Celebrating Robert Wilson's birthday with essays, interviews, a frog, and a sharkshin shoe
On the occasion of Robert Wilson’s 70th birthday, last October, the multitalented, often underappreciated, largely misunderstood artist generated a flurry of activity. His Threepenny Opera was performed at the Brooklyn Academy of Music that same month, and his hyperreal video portrait of dancer Roberto Bolle debuted at New York’s Center548 last winter. There was a show at Paula Cooper Gallery in New York devoted to Wilson’s performance pieces at his loft between 1967 and 1975, and a new film about the artist by Sacha Goldman, Rememberemember. Wilson’s Waco-Watermill- World, recently premiered at ZKM in Karlsruhe, Germany.
Meanwhile, helping to sum up the complicated man is Robert Wilson from Within, a profusely illustrated book edited by literary scholar Margery Arent Safir. Her quirky compilation is made up of some 25 contributions in the form of essays, interviews, and creative exercises.

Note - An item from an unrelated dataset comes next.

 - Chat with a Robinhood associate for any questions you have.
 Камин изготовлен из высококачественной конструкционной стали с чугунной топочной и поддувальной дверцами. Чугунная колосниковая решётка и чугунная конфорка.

Among the writers are such familiar cultural dignitaries as Marina Abramovic, Philip Glass, Rufus Wainwright, and John Rockwell, as well as Nobel laureate Gao Xingjian and actress Isabelle Huppert.
In the book, Dutch fashion team Viktor & Rolf presents a tiny Wilsonian allegory about the subtle communication between an introverted frog and some water lilies that conspire to dance for him, “swaying their stems to a sudden gust of wind” and shivering “rhythmically to the sound of a sudden rain shower.” Watching this performance, “the frog smiled. How could they have guessed his thoughts?”

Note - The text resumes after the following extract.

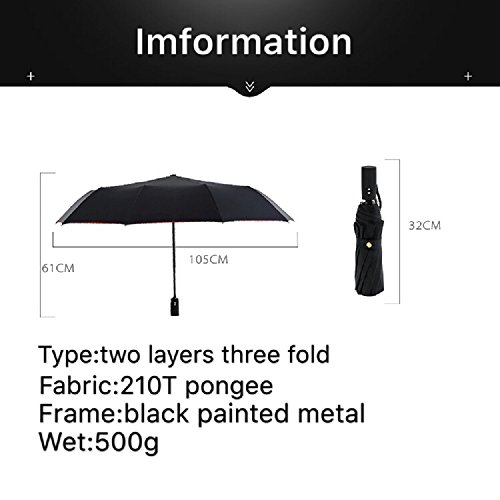 生地:190トン名物 ハンドル:ゴムコーティングプラスチックハンドル フレーム:ブラックメタルフレームとブラックファイバーグラスエンドリブ シャフト:バレルメタルシャフト ヒント:黒色ニッケルコーティング金属チップ [防風性と防水性]は、乾燥したままで、屋外の要素から保護されています。 [自動開閉]あなたは濡れないように車やビルドをもっと速くすることができます。また、唯一のボタンを押すだけで傘を操作する必要があるので、別の手で他のことをすることもできます [軽量]旅行に最適で、バックパック、学校用バッグ、ハンドバッグ、ブリーフケース、カーストレージに簡単に入れることができます [二層の生地]一層の生地の傘よりも強く、内部と外部の色があなたのた

Wilson’s way of looking is “a state of perception that passes through the skin as well as through the ears, where the inexpressible rules, where coldness mingles naturally with voluptuous pleasure,” writes French actor and director Charles Chemin. “Things don’t have to have strict meanings; people don’t need definitions.”
As Wilson explains here, “The reason I work as an artist is to ask questions, that is, to say, ‘What is it?’ and not to say what something is, for if we know what it is that we’re doing, there’s no reason to do it.”
Altogether, a rounded portrait emerges, ending with a chapter in which Safir asks Wilson to choose objects that have personal importance for him and to comment on them. These include Robert Mapplethorpe’s 1977 portrait of choreographer Lucinda Childs (she is “at once icy cold and hot”), a terra-cotta statue of a Han dancer, a photo of poet and dance critic Edwin Denby (who “actually saw what was onstage, and not what was in his mind”), and a sharkskin shoe once owned by ballet dancer Rudolf Nureyev.
Safir directs the Arts Arena at the American University of Paris, which published the book. It’s a place that promotes activities across the cultural landscape, and Wilson is the quintessential cross-culturist. Safir introduces the book via Argentine writer Julio Cortázar’s avant-garde novel Hopscotch, equating the spirit and characters of the story with Wilson. Wilson, she says, is “not intellectual; he’s intuitive.” He is, as one character in Hopscotch describes another, “a Vieira da Silva,” referring to the Portuguese painter of unfathomable mazelike abstractions, and “not a Mondrian,” she adds.
What Safir believes Robert Wilson from Within brings out is “the violence beneath the exquisite beauty” in Wilson’s work, as well as “his playfulness and absurdity, his perversity and humor—there’s a rabbit, a panther,” she says. “It’s like vaudeville.”